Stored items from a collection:
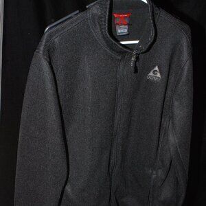 This is a black Gerry Mens XL - Extra Large jacket that has a ribbed knit and a fleece lining. It has a full zip to extend the neck for more wind protection. It is very nice and would be good for any occasion such as golf or business. If you have any questions please feel free to ask.
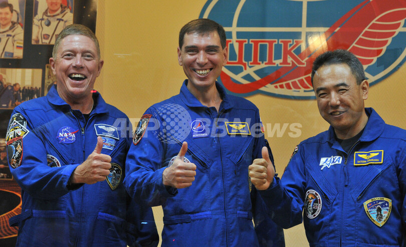 ソユーズには、ほかにも米国人のマイケル・フォッサム(Mike Fossum)飛行士とロシア人のセルゲイ・ボルコフ(Sergei Volkov)飛行士が搭乗している。(c)AFP
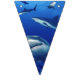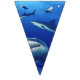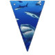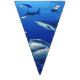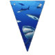 Banner flags shown with a photo print of sharks.
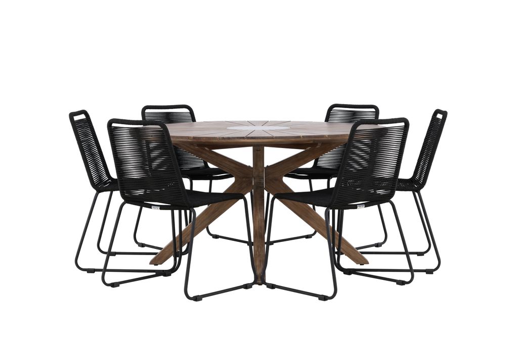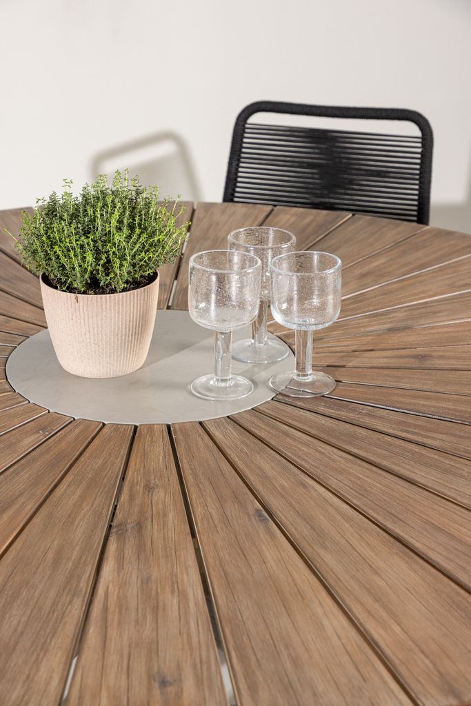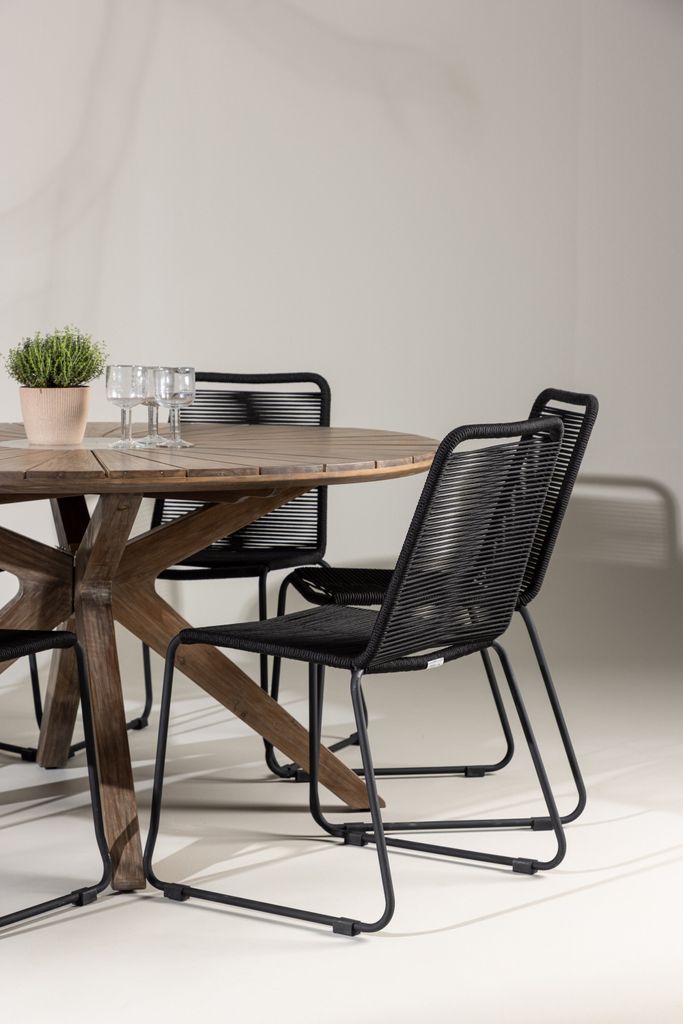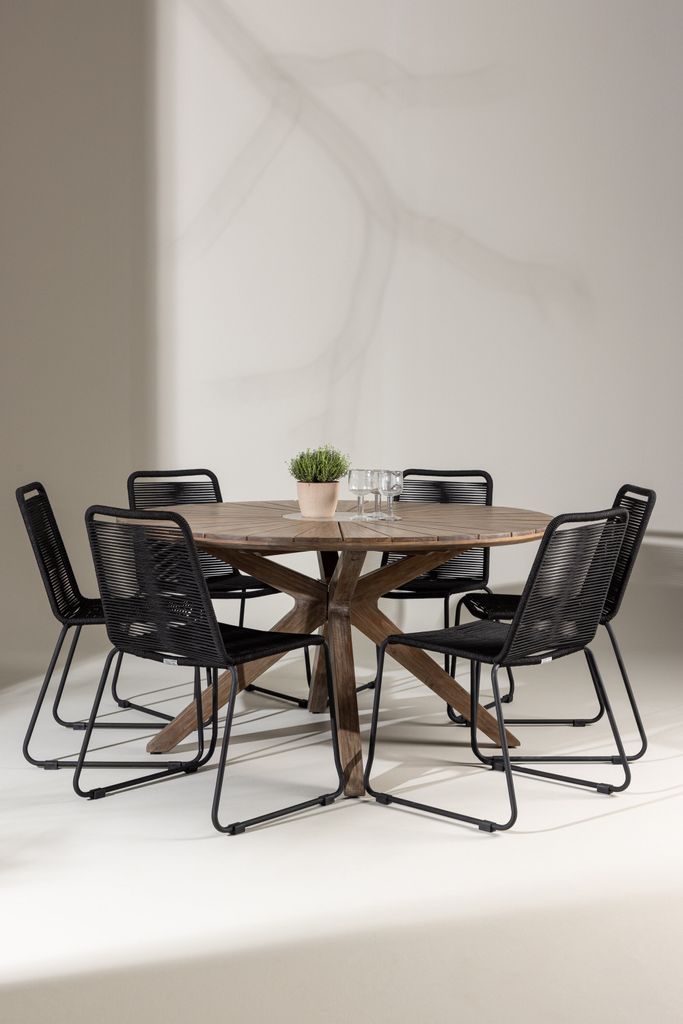 Skapa en atmosfär av elegans och samvaro med Venture Home Rosario Rund Matgrupp. Denna stilfulla matgrupp kombinerar sex svarta Lindos stolar med det imponerande Rosario bordet, tillverkat av hållbart acaciaträ. Bordet har en generös diameter på 140 cm, vilket erbjuder gott om plats för familj och vänner. Den naturliga bruna färgen och bordets robusta konstruktion ger en känsla av tidlös elegans.
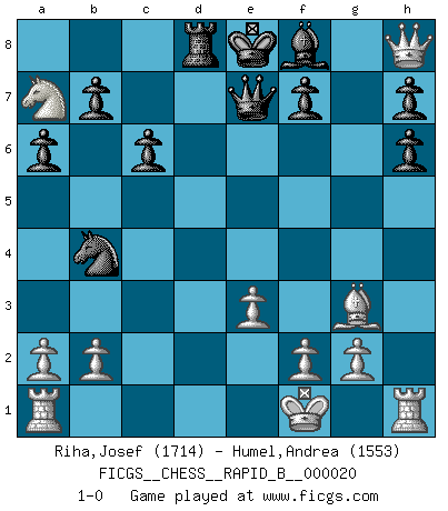 Last move : 1-0 2006 November 21 8:49:52 [Event "FICGS__CHESS__RAPID_B__000020"] [Site "FICGS"] [Date "2006.10.17"] [Round "1"] [White "Riha,Josef"] [Black "Humel,Andrea"] [Result "1-0"] [WhiteElo "1714"] [BlackElo "1553"] 1.d4 d5 2.c4 e5 3.dxe5 d4 4.Nf3 Nc6 5.Bf4 Nge7 6.h4 Ng6 7.Bg3 Qe7 8.h5 Ngxe5 9.Nxe5 Nxe5 10.Qxd4 Nc6 11.Qd2 Be6 12.Nc3 Rd8 13.Qc1 Bxc4 14.e3 Bxf1 15.Kxf1 Nb4 16.Nb5 c6 17.Nc7+ Kd7 18.Qc4 Kc8 19.h6 gxh6 20.Nb5 a6 21.Na7+ Kd7 22.Qd4+ Ke8 23.Qxh8 1-0 QGD : Albin counter-gambit Player White won this chess game. Follow this game move after move (download)White lost because he failed to remember the right continuation and had to think up the moves himself. (Siegbert Tarrasch) Wer der Ansicht ist, daß alle Schachspieler verrückt sind, wird durch Studium des Lebens von Emil Josef Diemer nicht auf andere Gedanken kommen. (Hans Ree) El Ajedrez tiene tanto misterio como las mujeres. (Purdy) Echiquier : carré parfait, comme la Jérusalem nouvelle décrite par l'auteur de l'Apocalypse, huit cases sur huit, exaltation du chiffre 4, symbole du cosmos aux quatre horizons... où le noir et le blanc, l'ombre et la lumière, le mal et le bien s'entremêlent et se conjuguent. (Robert Couffignal, Le Gambit du poète) All the biggest technological inventions created by man - the airplane, the automobile, the computer - says little about his intelligence, but speaks volumes about his laziness. (Mark Kennedy)
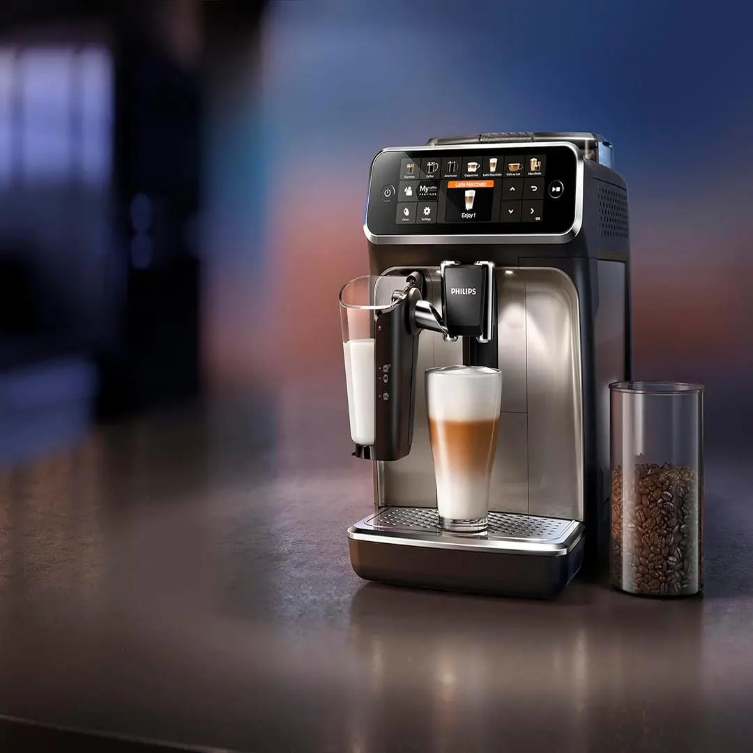 ماكينة الإسبريسو الأوتوماتيكية بالكامل Philips 5400 Series EP5447/90 – تجربة قهوة فاخرة بضغطة زر!

## EXERCISE DESCRIPTION
Could you copy every record above exactly, leaving out the pictures?

## ANSWER TO THIS TASK
 This is a black Gerry Mens XL - Extra Large jacket that has a ribbed knit and a fleece lining. It has a full zip to extend the neck for more wind protection. It is very nice and would be good for any occasion such as golf or business. If you have any questions please feel free to ask.
 ソユーズには、ほかにも米国人のマイケル・フォッサム(Mike Fossum)飛行士とロシア人のセルゲイ・ボルコフ(Sergei Volkov)飛行士が搭乗している。(c)AFP
 Banner flags shown with a photo print of sharks.
 Skapa en atmosfär av elegans och samvaro med Venture Home Rosario Rund Matgrupp. Denna stilfulla matgrupp kombinerar sex svarta Lindos stolar med det imponerande Rosario bordet, tillverkat av hållbart acaciaträ. Bordet har en generös diameter på 140 cm, vilket erbjuder gott om plats för familj och vänner. Den naturliga bruna färgen och bordets robusta konstruktion ger en känsla av tidlös elegans.
 Last move : 1-0 2006 November 21 8:49:52 [Event "FICGS__CHESS__RAPID_B__000020"] [Site "FICGS"] [Date "2006.10.17"] [Round "1"] [White "Riha,Josef"] [Black "Humel,Andrea"] [Result "1-0"] [WhiteElo "1714"] [BlackElo "1553"] 1.d4 d5 2.c4 e5 3.dxe5 d4 4.Nf3 Nc6 5.Bf4 Nge7 6.h4 Ng6 7.Bg3 Qe7 8.h5 Ngxe5 9.Nxe5 Nxe5 10.Qxd4 Nc6 11.Qd2 Be6 12.Nc3 Rd8 13.Qc1 Bxc4 14.e3 Bxf1 15.Kxf1 Nb4 16.Nb5 c6 17.Nc7+ Kd7 18.Qc4 Kc8 19.h6 gxh6 20.Nb5 a6 21.Na7+ Kd7 22.Qd4+ Ke8 23.Qxh8 1-0 QGD : Albin counter-gambit Player White won this chess game. Follow this game move after move (download)White lost because he failed to remember the right continuation and had to think up the moves himself. (Siegbert Tarrasch) Wer der Ansicht ist, daß alle Schachspieler verrückt sind, wird durch Studium des Lebens von Emil Josef Diemer nicht auf andere Gedanken kommen. (Hans Ree) El Ajedrez tiene tanto misterio como las mujeres. (Purdy) Echiquier : carré parfait, comme la Jérusalem nouvelle décrite par l'auteur de l'Apocalypse, huit cases sur huit, exaltation du chiffre 4, symbole du cosmos aux quatre horizons... où le noir et le blanc, l'ombre et la lumière, le mal et le bien s'entremêlent et se conjuguent. (Robert Couffignal, Le Gambit du poète) All the biggest technological inventions created by man - the airplane, the automobile, the computer - says little about his intelligence, but speaks volumes about his laziness. (Mark Kennedy)
 ماكينة الإسبريسو الأوتوماتيكية بالكامل Philips 5400 Series EP5447/90 – تجربة قهوة فاخرة بضغطة زر!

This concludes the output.